In an opinion piece, “Lingering riddle of big Rex's downfall,” in the Daily Telegraph (2/2/06), Malcolm Farr asked the question: who misled whom in 1975 - Whitlam or Connor?
The official line was that Rex Connor had been forced to resign as minister for minerals and energy because he had disobeyed an instruction to cease negotiations for a huge loan, and had misled Prime Minister Gough Whitlam who then had inadvertently misled parliament.
This became the “reprehensible” behaviour which Malcolm Fraser had earlier warned would compel him to use the senate to deny supply. This would trigger the early election which Gough Whitlam and Lionel Murphy had long and often argued was constitutionally mandated.
The loans affair had involved the government in extraordinary negotiations with one Tirath Khemlani, whom Farr describes as a “shifty” Pakistani who worked “on the fringes of respectable money-raising”, and who was subsequently jailed for financial crime in the US.

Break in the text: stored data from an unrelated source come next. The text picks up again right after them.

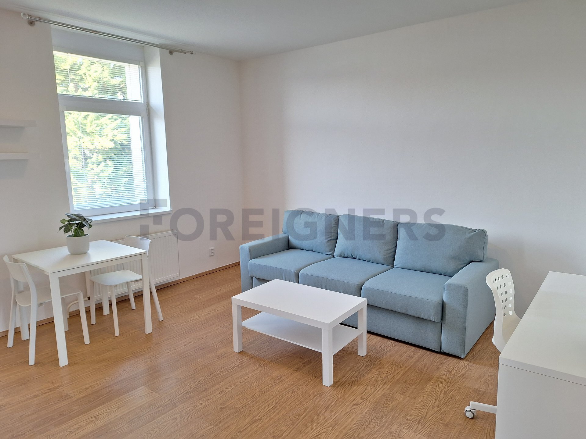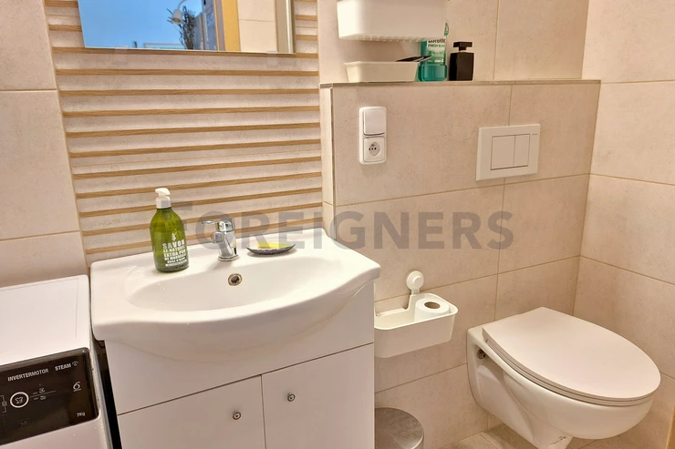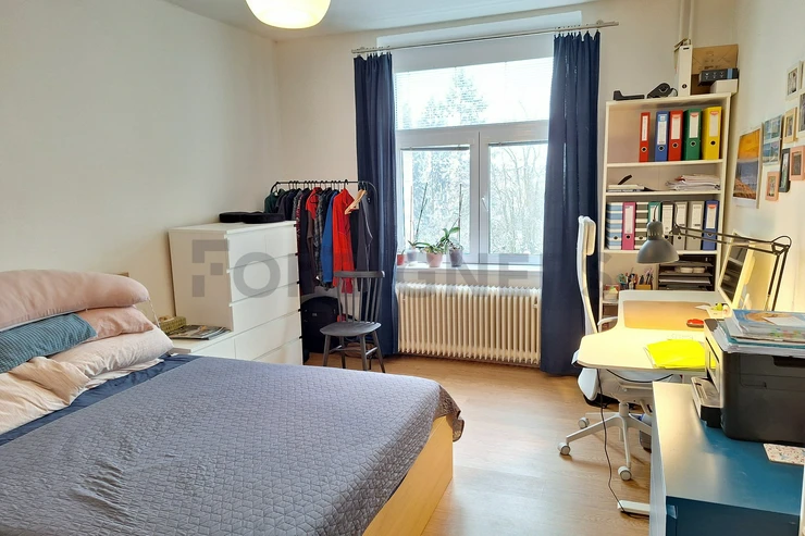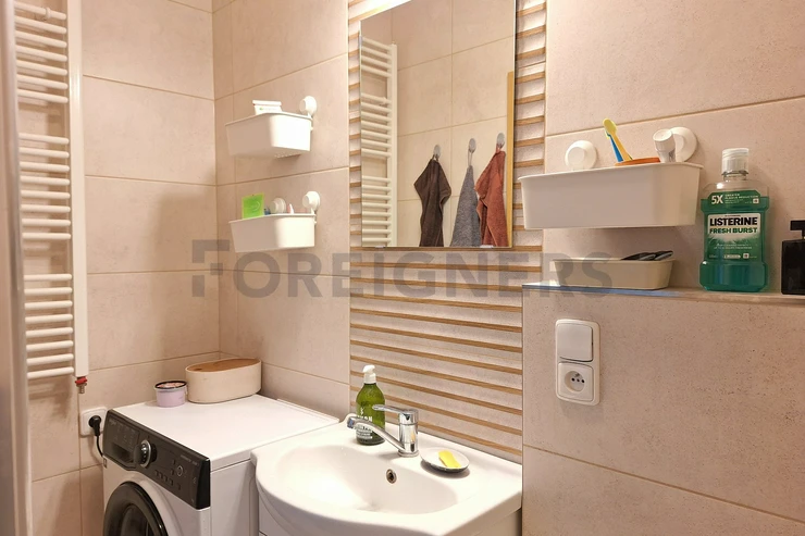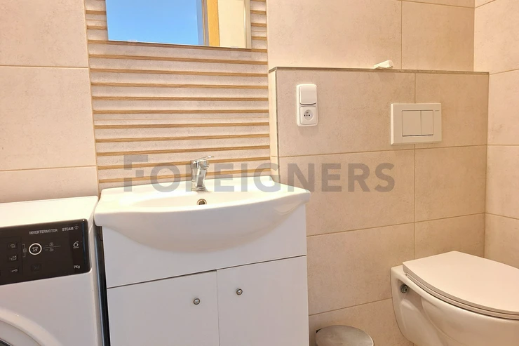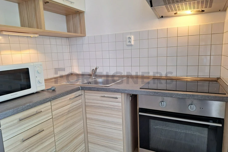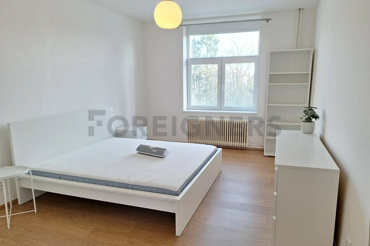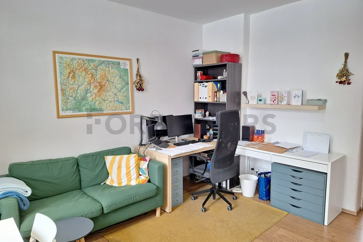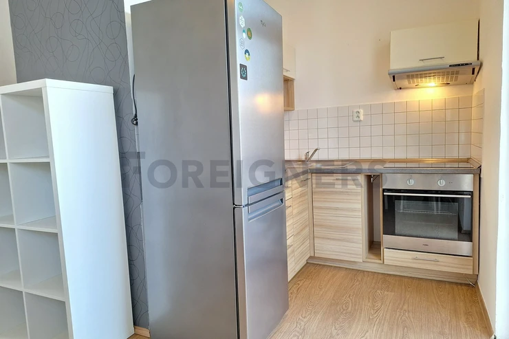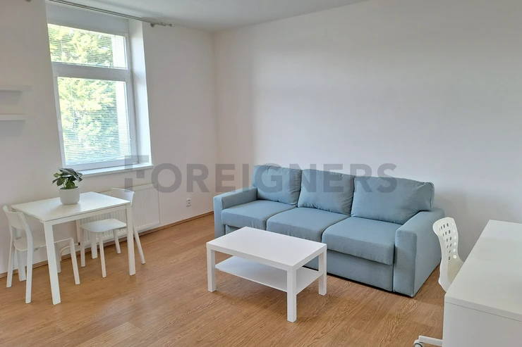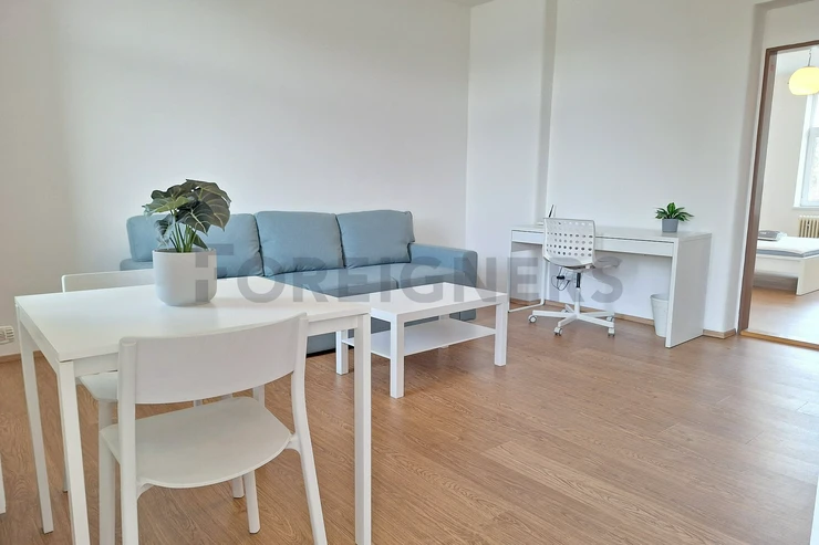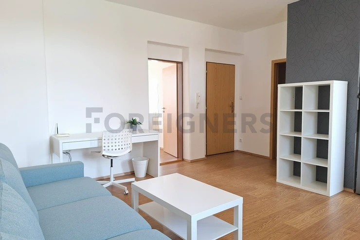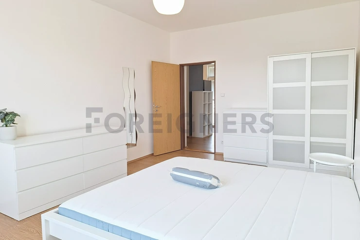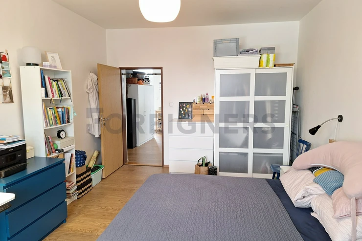 The apartment is available 2+kk with a total area of 55 m2. The apartment consists of bedroom, living room with kitchen and a bathroom. There is a small balcony.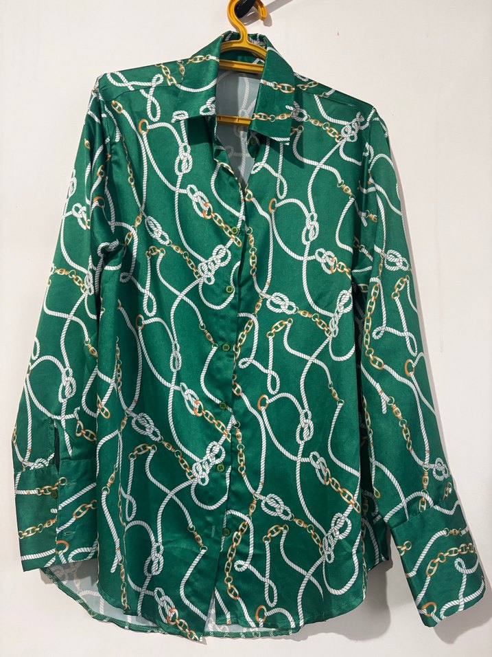 Bu kadın gömleği, yakalı ve uzun kollu olup bol kesimlidir. Parlak sentetik kumaştan yapılmış, zincir detaylı yılan desenine sahiptir, sokak stili ve günlük kullanım için uygundur.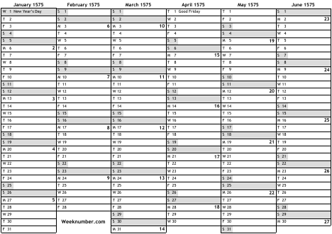 1575 calendar

It was beyond any rational understanding why the government avoided all legitimate avenues for such massive long term fund-raising for development purposes. The reason may have been in Attorney General Lionel Murphy’s notorious legal advice that the loan was for “short-term purposes”. This was to avoid Loan Council involvement, where the states would be involved. Going through a carpetbagger may have been seen as another way of ensuring that the states could not be involved.
The annual release of the relevant Cabinet papers under the 30-year rule should have thrown some light on these events. However, this is obfuscated by the increasingly bizarre practice of the National Archives Authority to turn this event into a platform for yet another of Mr E.G. Whitlam’s unpersuasive apologiae for the behaviour of what John Stone has called the worst and most incompetent government ever elected.
This is the third year in a row that the archives have allowed Mr Whitlam to demonstrate his undoubted thespian abilities.
As Ian Moore says in The Australian, (3/1/06), “Documents must speak for themselves”. This does “nothing to assert the objectivity of the presentation or provide an independent view of contemporary political history. Whitlam, however, managed to put us straight on one thing. If he was delusional in 1975, the condition remains untreated.”
The original approval for the borrowings was given, as Sir David Smith says, at an “irregular and possibly invalid” meeting of the Federal Executive Council on December 13, 1974 held in the absence of the governor-general. Sir David believes the planning for the meeting was kept from the governor-general.
This meeting and its extraordinary aftermath was the subject of a piece in The Australian (2/1/06) by John Stone, "Trials and tribulations of our worst cabinet".
He points out that the original amount of the proposed borrowing, $US4 billion, exceeded the then combined foreign debt of all Australian governments.
He reminds us of the obvious fact, which seems to have escaped the ministers, that you could not place any such authorisation in the hands of “a creature such as Khemlani” without international banks soon seeing it shopped around the world.